At WPI, we have this message engrained in our heads: Theory and Practice. This idea that understanding theory and teachings and ideas will give us this innate ability to perform and succeed. The Greek word “praxis” refers to freely engaged-in activity by which a theory, lesson, or skill is practiced, embodied, or realized. Aristotle believed there were three basic human activities: theoretical, whose goal is knowing the truth; productive, whose goal is making the beautiful; and practical, whose goal is doing the good. Theoretical thinking pursues knowledge for its own sake; productive activity refers to humans as artisans; practical activity concerns humans as moral and social beings trying to the right thing.

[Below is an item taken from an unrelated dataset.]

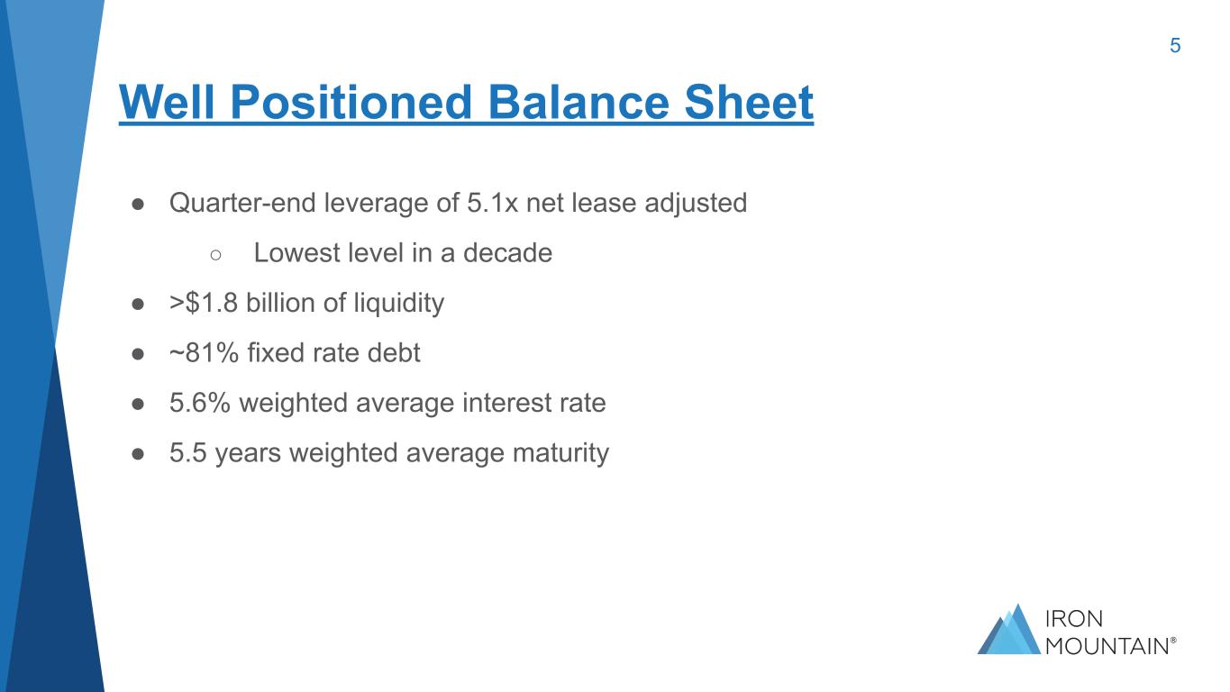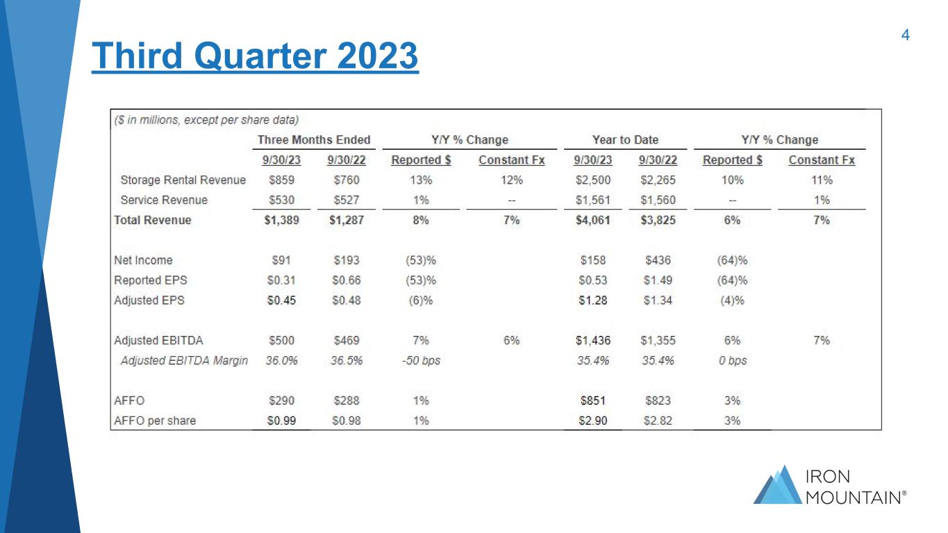 We have made statements in this presentation that constitute "forward-looking statements" as that term is defined in the Private Securities Litigation Reform Act of 1995 and other securities laws. These forward-looking statements concern our current expectations regarding our future results from operations, economic performance, financial condition, goals, strategies, investment objectives, plans and achievements. These forward-looking statements are subject to various known and unknown risks, uncertainties and other factors, and you should not rely upon them except as statements of our present intentions and of our present expectations, which may or may not occur. When we use words such as “believes”, “expects”, “anticipates”, “estimates”, “plans”, “intends”, “projects”, “pursue”, “will” or similar expressions, we are making forward-looking statements. Although we believe that our forward-looking statements are based on reasonable assumptions, our expected results may not be achieved, and actual results may differ materially from our expectations. In addition, important factors that could cause actual results to differ from expectations include, among others: (i) our ability or inability to execute our strategic growth plan, including our ability to invest according to plan, grow our businesses (including through joint ventures), incorporate alternative technologies into our offerings, achieve satisfactory returns on new product offerings, continue our revenue management, expand and manage our global operations, complete acquisitions on satisfactory terms, integrate acquired companies efficiently and transition to more sustainable sources of energy; (ii) changes in customer preferences and demand for our storage and information management services, including as a result of the shift from paper and tape storage to alternative technologies that require less physical space; (iii) the impact of our distribution requirements on our ability to execute our business plan; (iv) the costs of complying with and our ability to comply with laws, regulations and customer requirements, including those relating to data privacy and cybersecurity issues, as well as fire and safety and environmental standards; (v) the impact of attacks on our internal information technology (“IT”) systems, including the impact of such incidents on our reputation and ability to compete and any litigation or disputes that may arise in connection with such incidents; (vi) our ability to fund capital expenditures; (vii) our ability to remain qualified for taxation as a real estate investment trust for United States federal income tax purposes (“REIT”); (viii) changes in the political and economic environments in the countries in which we operate and changes in the global political climate; (ix) our ability to raise debt or equity capital and changes in the cost of our debt; (x) our ability to comply with our existing debt obligations and restrictions in our debt instruments; (xi) the impact of service interruptions or equipment damage and the cost of power on our data center operations; (xii) the cost or potential liabilities associated with real estate necessary for our business; (xiii) unexpected events, including those resulting from climate change or geopolitical events, could disrupt our operations and adversely affect our reputation and results of operations; (xiv) failures to implement and manage new IT systems; (xv) other trends in competitive or economic conditions affecting our financial condition or results of operations not presently contemplated; and (xvi) the other risks described in our periodic reports filed with the SEC, including under the caption “Risk Factors” in Part I, Item 1A of our Annual Report. Except as required by law, we undertake no obligation to update any forward-looking statements appearing in this presentation. Reconciliation of Non-GAAP Measures Throughout this presentation, Iron Mountain discusses (1) Adjusted EBITDA, (2) Adjusted EPS, and (3) AFFO. These measures do not conform to accounting principles generally accepted in the United States (“GAAP”). These non-GAAP measures are supplemental metrics designed to enhance our disclosure and to provide additional information that we believe to be important for investors to consider in addition to, but not as a substitute for, other measures of financial performance reported in accordance with GAAP, such as operating income, net income (loss) attributable to Iron Mountain Incorporated or cash flows from operating activities (as determined in accordance with GAAP). The reconciliation of these measures to the appropriate GAAP measure, as required by Regulation G under the Securities Exchange Act of 1934, as amended, and their definitions are included in the Supplemental Reporting Information. 2Forward Looking Statements

Aristotle thought that the idea of moral habits bridged the gap between, for instance, theoretical knowledge of whatever action was being proposed. And while this analysis is no doubt insightful, I can’t help but see a problem with it. My problem is that I can’t shake the fact that I don’t feel like I ever know what I’m doing, regardless of the degree of my theory. Because, when it comes down to it, I'm studying to be an engineer and am still incapable of operating a can opener.
When I think about any possible career path I might take, I’m overwhelmed by all the things I don’t know how to do. Right now, I have this idea that Future Rachel is going to learn all the things that I don’t know about. Somewhere down the line, I’ll understand taxes and 401K’s and how to change a tire and cook a meal from scratch. Somewhere down the line, IKEA will be my favorite store and I’ll know what owning a vacuum cleaner is like. All of these things seem so far off, but Future Rachel will get them done. I’m sure of it. I think.
It’s not really about the can opener at all, though. What’s worrying me is this crushing fear that I won’t be prepared for exactly every situation that comes my way, whether it be in a career, at home, or at school. I know about Gauss’ law but I can’t tell you what I really know. My resume says I’m Qualified but I’m telling you I’m scared. Maybe I’m not the only one that’s feeling like this, and Dear God I hope I’m not. And maybe by the time I graduate someone will put up a whole series on YouTube about how to navigate the real world. How to bridge the gap between theory and practice. For now, however, I'll be staying away from canned goods until further notice.